I was surprised to see the name of your layout for I have been in zempoala collecting plants 20 years ago.
the hardscape was well executed for the size of the tank.
The stone are I think well balnced perhaps a little bigger stone in the right side would have define the space better.
As for the plants I would like to see the hair grass more dense and to help the tank look more mature; the moss on the rocks I find it to be the dominant plant in your layout but the HC is completely lost you really have to look for it in the picture.
Over all is a clean layout with good use of the space.

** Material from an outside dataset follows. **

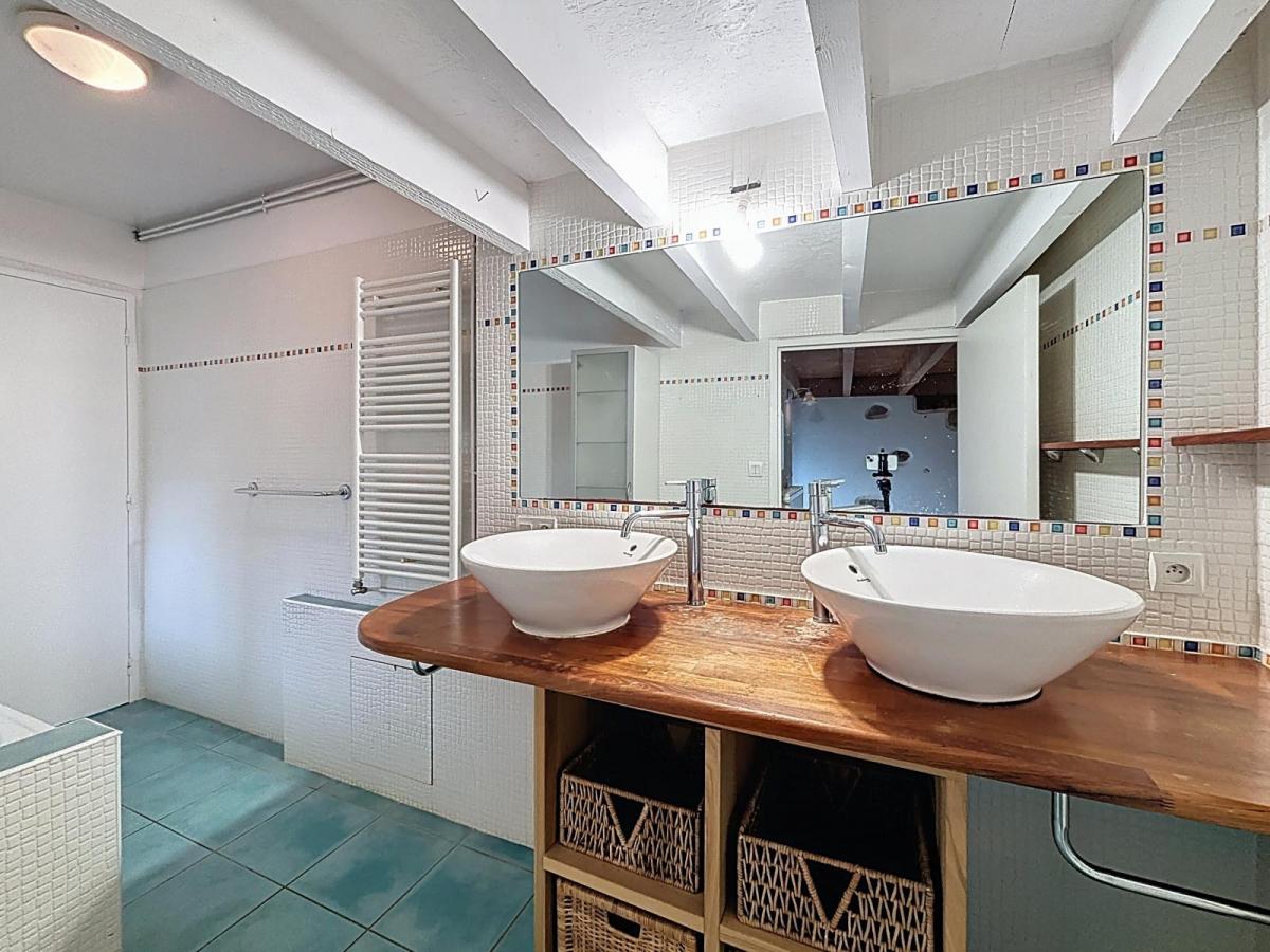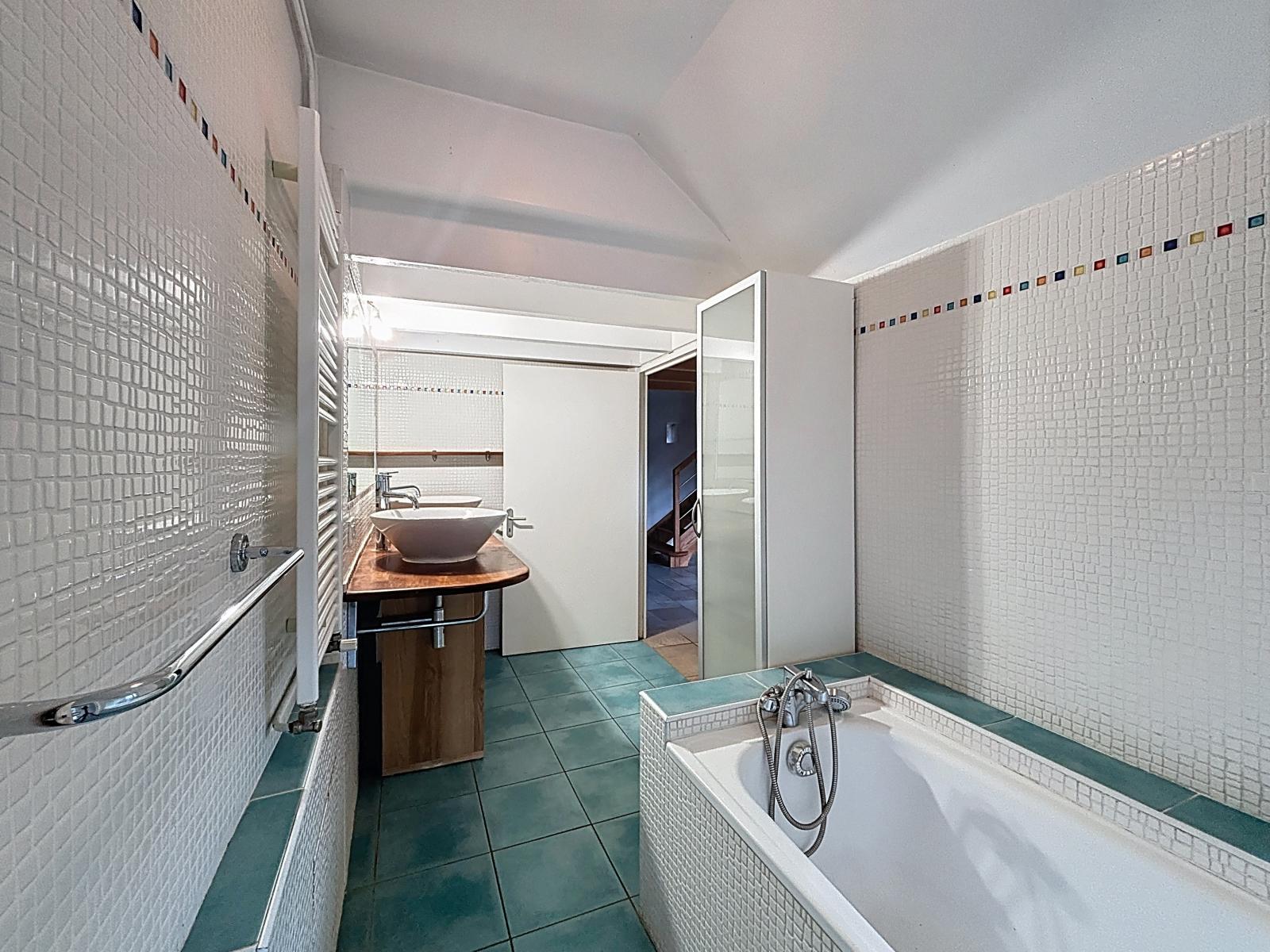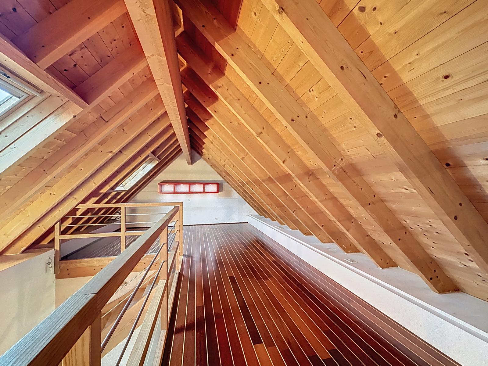 - A l’étage, la chambre parentale est en mezzanine, avec entrée indépendante. Cette pièce bénéficie également d’un beau dressing. Une salle de bains fonctionnelle vient compléter l’ensemble.

I suggest to pay more attention in your foreground in you next layout to improve the look of your design.
Oroginality 15
Cleanliness 20
Composition 15
Difficulty 10


----------



## Phil Edwards (Jan 22, 2004)

Originality 10
Cleanliness 23
Composition 21
Difficulty 5


----------



## orlando (Feb 14, 2007)

Nice tank.

Originality 13
Cleanliness 20
Composition 12
Difficulty 12


----------



## davemonkey (Mar 29, 2008)

Total Score

Originality - 38
Cleanliness - 63
Composition -48
Difficulty - 27

Members' Choice Points - 10

Total - 186


----------



## Molch (Nov 10, 2010)

wowsa. That one's my favorite. It just makes you want to climb up that crevice into the hills....


----------



## SGM (Apr 4, 2010)

Very cool


----------



## ThoHell (Jan 9, 2011)

dang that's some clean water!


----------



## 2in10 (Sep 5, 2010)

Gorgeous


----------



## wamblee2003 (May 20, 2004)

Very well done.


----------



## Briene24 (Feb 13, 2011)

Amazing tank my friend


----------